As he dressed, she continued to regard him with a sly curve to her mouth that never boded well. “A little bird tells me you’ve inherited a dukedom.”

“By English law, I’m a duke. By Imnada law, I’m as outcast as ever.”

“Yes, the tale going round is that you’re guilty of patricide. Or in your case grand patricide.” She waved away the accusation as if it were a pesky fly not worthy of her attention. “Sir Dromon’s a boob. Anyone who knows you knows such a story is laughable.”

“That’s just it. They don’t know me. I left at twenty-one for the army and returned to a sentencing and exile. I’m a stranger to most of them. Sir Dromon could tell them I ate babies for breakfast and puppies for lunch and they’d believe him. The men who attacked us certainly did.”

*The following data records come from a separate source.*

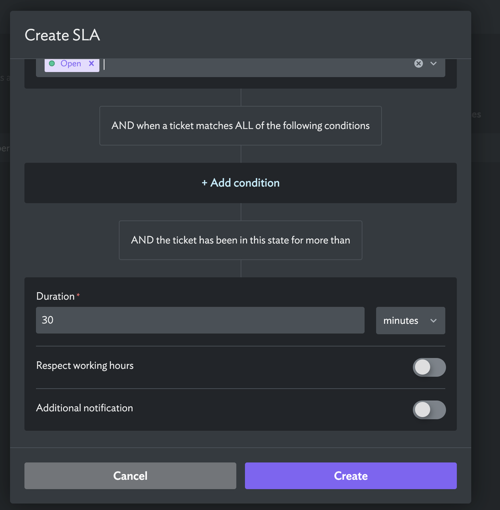 Creating an SLA now happens at the Queue level, and uses this new modal. You can select statuses, conditions, duration, and whether they respect working hours from here. You can also enable an additional notification for before an SLA is going to breach.
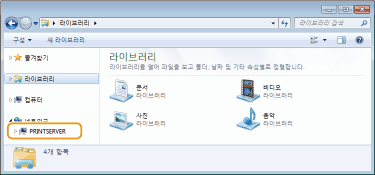 [네트워크] 또는 [네트워크 환경]에서 프린터 서버를 선택합니다.
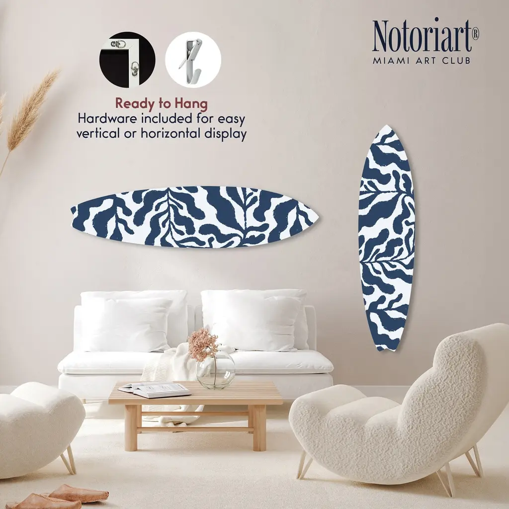 Notoriart Blue And White Leaf Ii Surfboard Acrylic Wall Art Die-Cut Coastal Modern High-Gloss Home Decor, 15" X 60" - 15" X 60"

He pulled a shirt over his head, recalling Meeryn’s accusations at the cottage. Her words had struck a little too close to home. Had he compensated for past weaknesses by armoring himself in callous indifference and calling it strength? Had he lost the use of his heart when he’d lost his clan mark? And was that what this recent horrible pain was in the left side of his chest? Had it come to life again upon the auspicious arrival of a little brown mouse?